Streaming API¶
The streaming module provides real-time token generation with the Stream trait, enabling incremental text output, backpressure handling, and integration with web response streams.
Feature Gate
This module requires the streaming feature flag (which automatically enables async):
TokenStream¶
The primary streaming interface, implementing the futures::Stream trait for async iteration over generated tokens.
pub struct TokenStream {
// Internal state for token generation and buffering
}
impl TokenStream {
/// Get next token (async, waits for generation)

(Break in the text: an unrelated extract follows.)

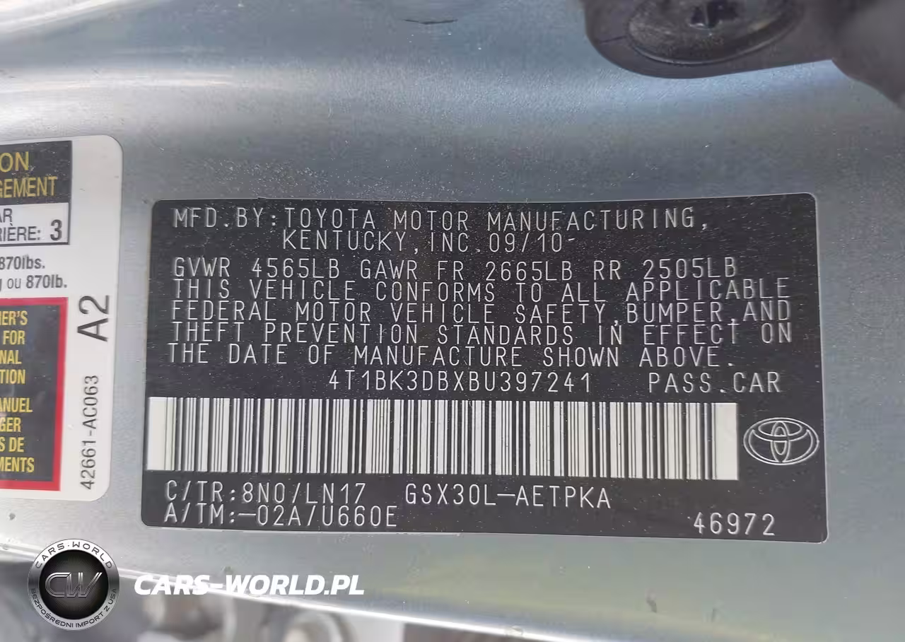 IAAI Nr: I-44738038 VIN: 4T1BK3DBXBU397241 Port: Houston, TX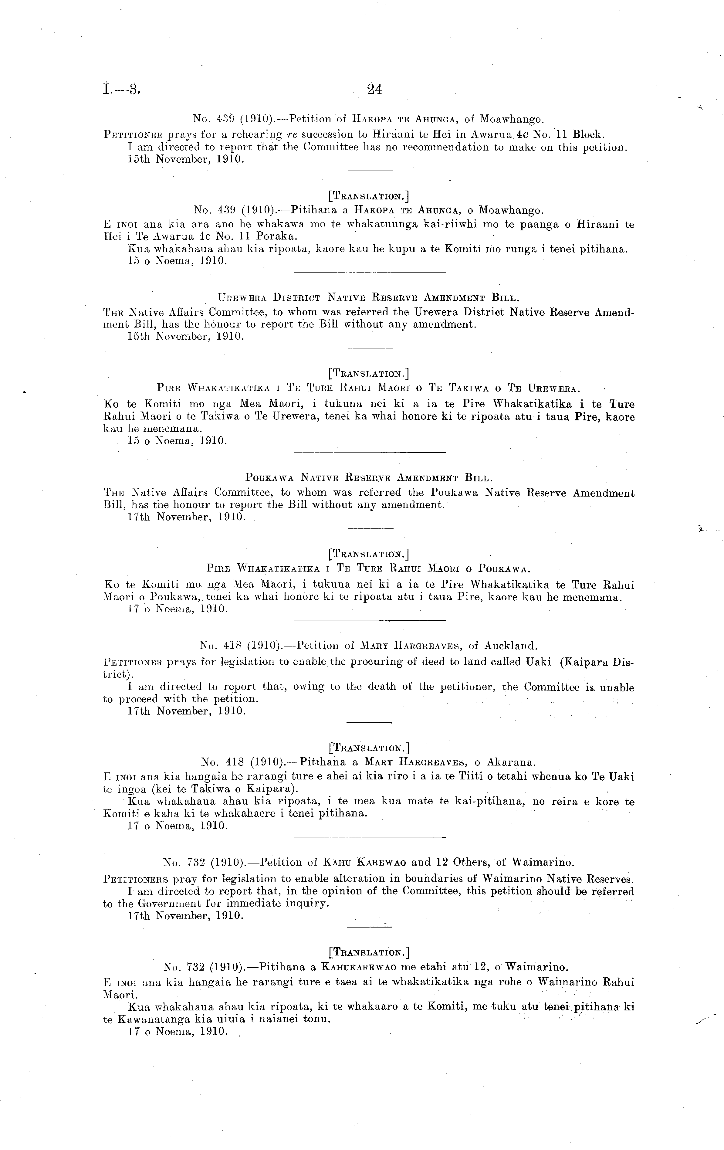 [Translation.] No. 439 (1910). —Pitihana a Hakopa te Ahunga, o Moawhango. E inoi ana kia ara ano he whakawa mo te whakatuunga kai-riiwhi mo te paanga o Hiraani te Hei i Te Awarua 4c No. 11 Poraka. Kua whakahaua ahau kia ripoata, kaore kau he kupu a te Komiti mo runga i tenei pitihana. 15 o Noema, 1910.

pub async fn next(&mut self) -> Option<Result<TokenData, MullamaError>>;
/// Try to get next token without waiting (non-blocking)
pub fn try_next(&mut self) -> Option<Result<TokenData, MullamaError>>;
/// Get stream configuration
pub fn config(&self) -> &StreamConfig;
/// Check if stream has completed
pub fn is_finished(&self) -> bool;
/// Get count of tokens generated so far
pub fn tokens_generated(&self) -> usize;
/// Cancel the stream (stops generation immediately)
pub fn cancel(&mut self);
}
// Implements the futures Stream trait for use with StreamExt combinators
impl Stream for TokenStream {
type Item = Result<TokenData, MullamaError>;
fn poll_next(
mut self: Pin<&mut Self>,
cx: &mut Context<'_>,
) -> Poll<Option<Self::Item>>;
}
TokenData¶
Individual token data emitted by the stream.
#[derive(Debug, Clone)]
pub struct TokenData {
pub text: String, // Decoded text for this token
pub token_id: TokenId, // Numeric token ID
pub is_final: bool, // Whether this is the last token (EOS or max reached)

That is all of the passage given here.